## WHAT THE TASK ASKS
A faithful transcription of all the entries below is needed, without the pictures.

## PROVIDED INFORMATION
------------------------------------------------------------------------

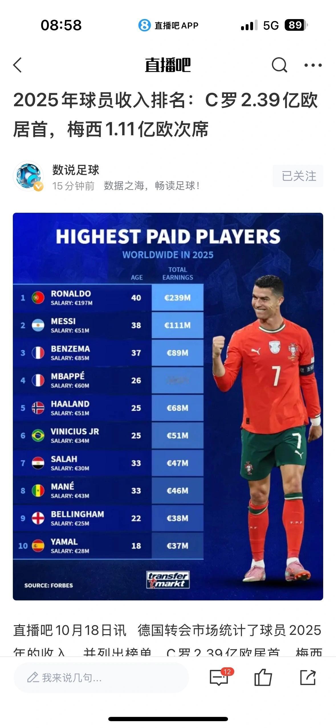 C罗还是足坛最赚钱的运动员呀! 2025年已经赚了2.39亿欧元,离开欧洲照样商业价值拉满。 梅西1.11亿欧元排第二,其他球员低于1亿。 姆巴佩,哈兰德都想学习罗球王吧,那就好好踢球,未来去沙特发大财![憨笑]
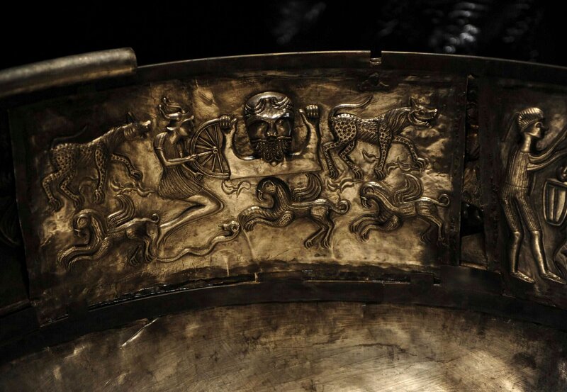 The Gundestrup cauldron. Decorated silver vessel, thought to date between 200 BC and 300 AD, placing it within the late La Te_ne period or early Roman Iron Age. Gundestrup in the Aars parish of Himmerland, Denmark. Scene showing the bust of a bearded god who holds a broken wheel in his righ hand, sometimes identified with the Celtic thunder god Taranos. The wheel is supported by a smaller figure with a horned helmet depicted in a jumping stance. Below the group is a single ram-horned serpent, three griffins and a pair leopards. National Museum of Denmark.
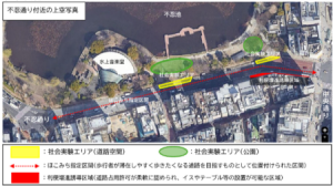 道路・歩道・橋梁空間等の一体的活用による滞在環境の質向上と地域の賑わい創出。
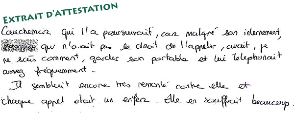 Il ne voulait rien entendre comme avant. Il passait son temps à m'appeler, à me surveiller, à s'imposer sans mon accord à des endrois où je me trouvais. Il n'arrêtait pas.
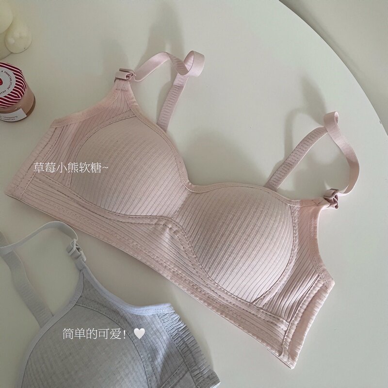 "快乐与平凡浪漫"竖条纹舒适无钢圈少女文胸小胸聚拢内衣透气
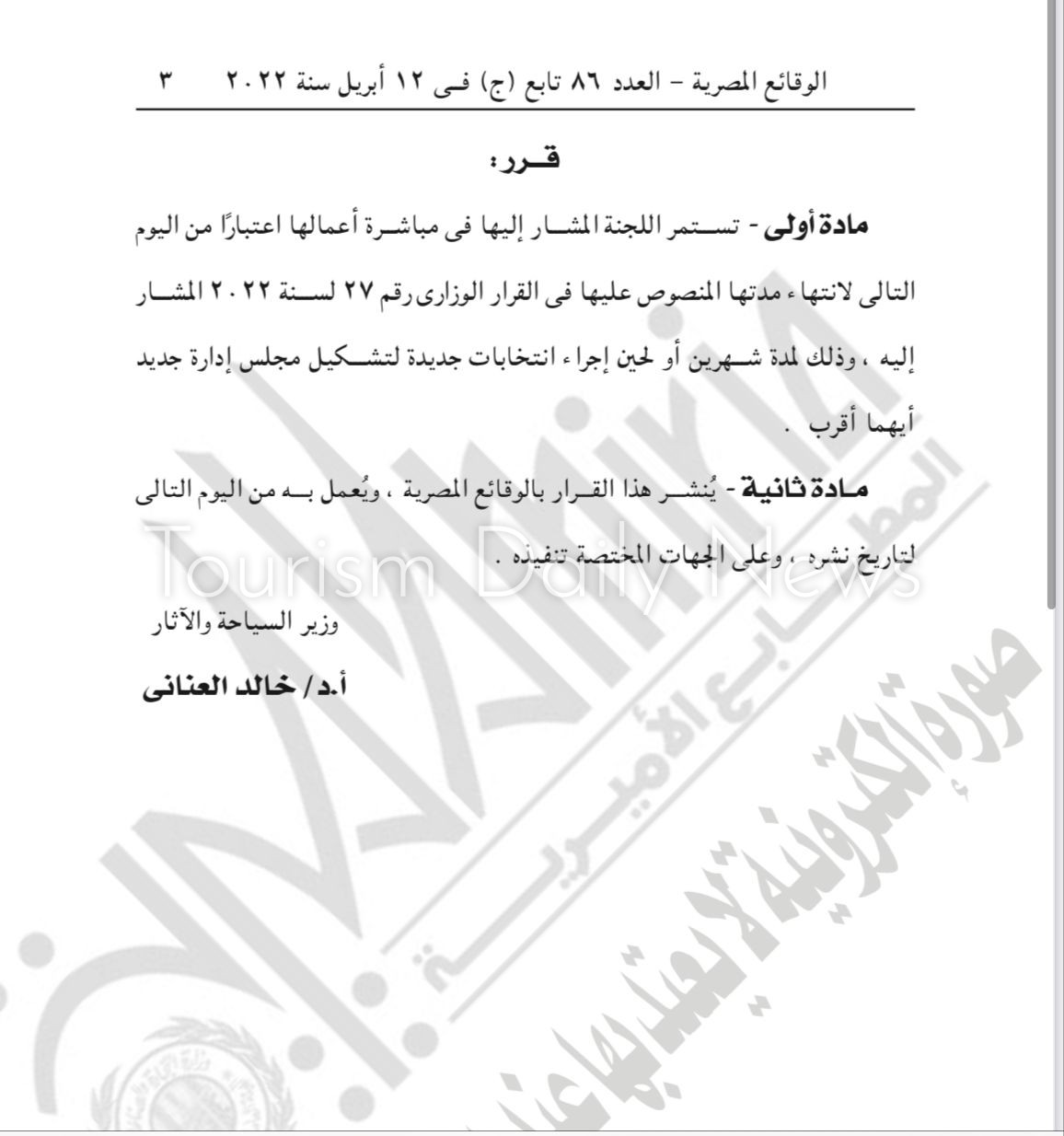 كما جاء القرار بعد الإطلاع على قرار وزير السياحة رقم 611 لسنة 2018، وحكم محكمة القضاء الإداري في الدعوى رقم 911 لسنة 73 ق، وفتوى الجمعية العمومية لقسمي الفتوى والتشريع رقم 414 لسنة 2021، وقرار وزير السياحة والآثار رقم 103 لسنة 2021 بتشكيل لجنة لتسيير أعمال غرفة المنشآت الفندقية.

------------------------------------------------------------------------

## WRITTEN RESPONSE
 C罗还是足坛最赚钱的运动员呀! 2025年已经赚了2.39亿欧元,离开欧洲照样商业价值拉满。 梅西1.11亿欧元排第二,其他球员低于1亿。 姆巴佩,哈兰德都想学习罗球王吧,那就好好踢球,未来去沙特发大财![憨笑]
 The Gundestrup cauldron. Decorated silver vessel, thought to date between 200 BC and 300 AD, placing it within the late La Te_ne period or early Roman Iron Age. Gundestrup in the Aars parish of Himmerland, Denmark. Scene showing the bust of a bearded god who holds a broken wheel in his righ hand, sometimes identified with the Celtic thunder god Taranos. The wheel is supported by a smaller figure with a horned helmet depicted in a jumping stance. Below the group is a single ram-horned serpent, three griffins and a pair leopards. National Museum of Denmark.
 道路・歩道・橋梁空間等の一体的活用による滞在環境の質向上と地域の賑わい創出。
 Il ne voulait rien entendre comme avant. Il passait son temps à m'appeler, à me surveiller, à s'imposer sans mon accord à des endrois où je me trouvais. Il n'arrêtait pas.
 "快乐与平凡浪漫"竖条纹舒适无钢圈少女文胸小胸聚拢内衣透气
 كما جاء القرار بعد الإطلاع على قرار وزير السياحة رقم 611 لسنة 2018، وحكم محكمة القضاء الإداري في الدعوى رقم 911 لسنة 73 ق، وفتوى الجمعية العمومية لقسمي الفتوى والتشريع رقم 414 لسنة 2021، وقرار وزير السياحة والآثار رقم 103 لسنة 2021 بتشكيل لجنة لتسيير أعمال غرفة المنشآت الفندقية.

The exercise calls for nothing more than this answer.